In-Vivo Regulation of ADAR2 Activity by Autoediting

通过自动编辑体内调节 ADAR2 活性

• 批准号: 6651512
• 负责人: CHRISTOPHER L SANSAM
• 金额: $ 1.96万
• 依托单位: VANDERBILT UNIVERSITY
• 依托单位国家: 美国
• 财政年份: 2002
• 资助国家: 美国
• 起止时间: 2002-06-01 至 2004-03-31
• 项目状态: 已结题
• 来源: https://reporter.nih.gov/project-details/6651512
• 关键词: adenosine deaminase; gene targeting; genetic regulation; glutamate receptor; laboratory mouse; messenger RNA; posttranscriptional RNA processing; predoctoral investigator

The diversity of synaptic signaling is partly generated by the presence of multiple receptor isoforms that respond to a neurotransmitter by activating separate downstream signals. In the mammalian central nervous system, the repertoire of receptors is expanded beyond the genomically encoded set by a process known as A-to-I RNA editing. It has been discovered that adenosines are converted to inosines within duplexes formed by precurser-mRNAs that code for several ionotropic glutamate receptor subunits and the 2C-subtype of the serotonin receptor (5-HT2cR), and the resulting altered mRNAs code for functionally distinct receptors. Two double-stranded RNA binding adenosine deaminases called ADAR1 and ADAR2 are responsible for precise A-to-I editing of those neuronal transcripts. Recent studies suggest that the appropriate regulation of the expression of ADAR2 is critical for maintaining editing site selectivity, and misregulation of ADAR2 expression in mice leads to extreme obesity (Emeson, unpublished results). A newly discovered A-to-I editing event in the pre-mRNA encoding ADAR2 itself suggests that a quite unique form of regulation of ADAR2 activity occurs, where ADAR2 may negatively regulate its own expression by editing its own transcript. The ultimate aim of this proposal is to test the significance of ADAR2 autoediting. This will be accomplished by studying ADAR2 mRNA and protein expression in mice genetically engineered to lack ADAR2 autoediting, and the resulting changes of editing patterns in known substrates of ADAR2 will be examined.
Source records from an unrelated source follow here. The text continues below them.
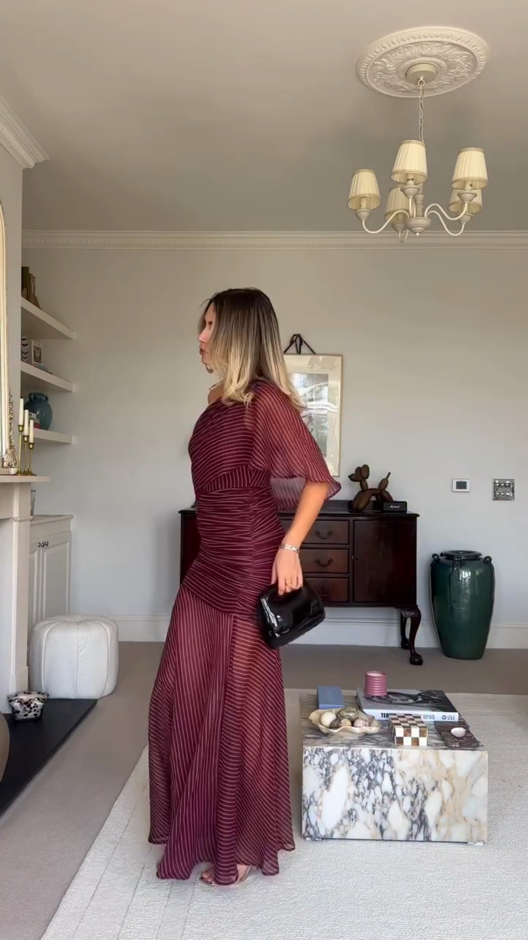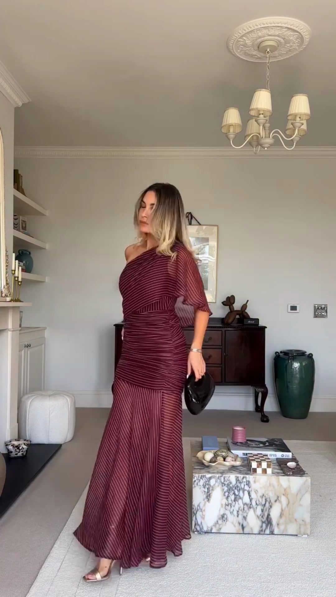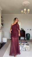 Burgundy Striped One - shoulder Maxi Dress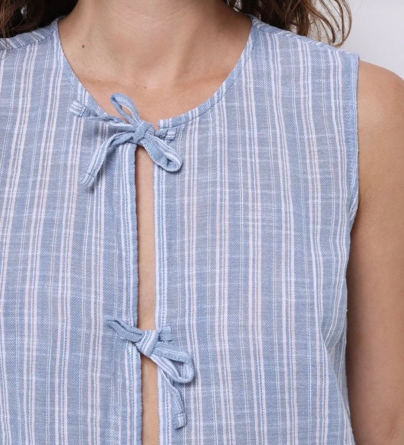 Mavi Çizgili Keten Düğmeli Kolsuz Bluz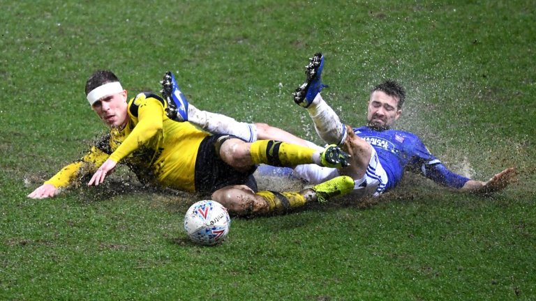 Срещата от английската Първа лига при безмилостно дъждовни и кални условия завърши без голове, но предложи ефектни единоборства като това.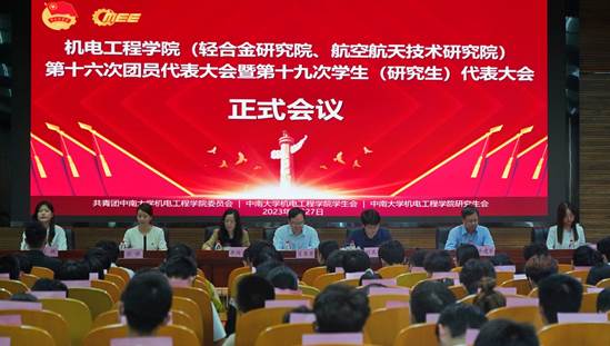 9月27日下午,机电工程学院(轻合金研究院、航空航天技术研究院)第十六次团员代表大会暨第十九次学生(研究生)代表大会在中铝科技大楼B214报告厅顺利召开。校团委书记刘正宗,院党委书记肖来荣、副书记李玲芝,航空航天技术研究院副院长杏建军以及280余名师生代表出席本次会议。

突触信号的多样性部分是由多种受体亚型的存在产生的，这些受体亚型通过激活单独的下游信号来响应神经递质。在哺乳动物的中枢神经系统中，通过称为 A-to-I RNA 编辑的过程，受体库被扩展到基因组编码之外。已经发现，腺苷在由前体 mRNA 形成的双链体中转化为肌苷，前体 mRNA 编码几种离子型谷氨酸受体亚基和 5-羟色胺受体 (5-HT2cR) 的 2C 亚型，并且由此产生的改变的 mRNA 编码功能不同的受体。两种双链 RNA 结合腺苷脱氨酶 ADAR1 和 ADAR2 负责对这些神经元转录本进行精确的 A 到 I 编辑。最近的研究表明，ADAR2 表达的适当调节对于维持编辑位点选择性至关重要，而小鼠中 ADAR2 表达的错误调节会导致极度肥胖（Emeson，未发表的结果）。编码 ADAR2 本身的前 mRNA 中新发现的 A-to-I 编辑事件表明 ADAR2 活性发生了一种非常独特的调节形式，其中 ADAR2 可能通过编辑其自身转录本来负向调节其自身表达。该提案的最终目的是测试 ADAR2 自动编辑的重要性。这将通过研究基因工程缺乏 ADAR2 自动编辑的小鼠中 ADAR2 mRNA 和蛋白质表达来实现，并且将检查 ADAR2 已知底物中编辑模式的变化。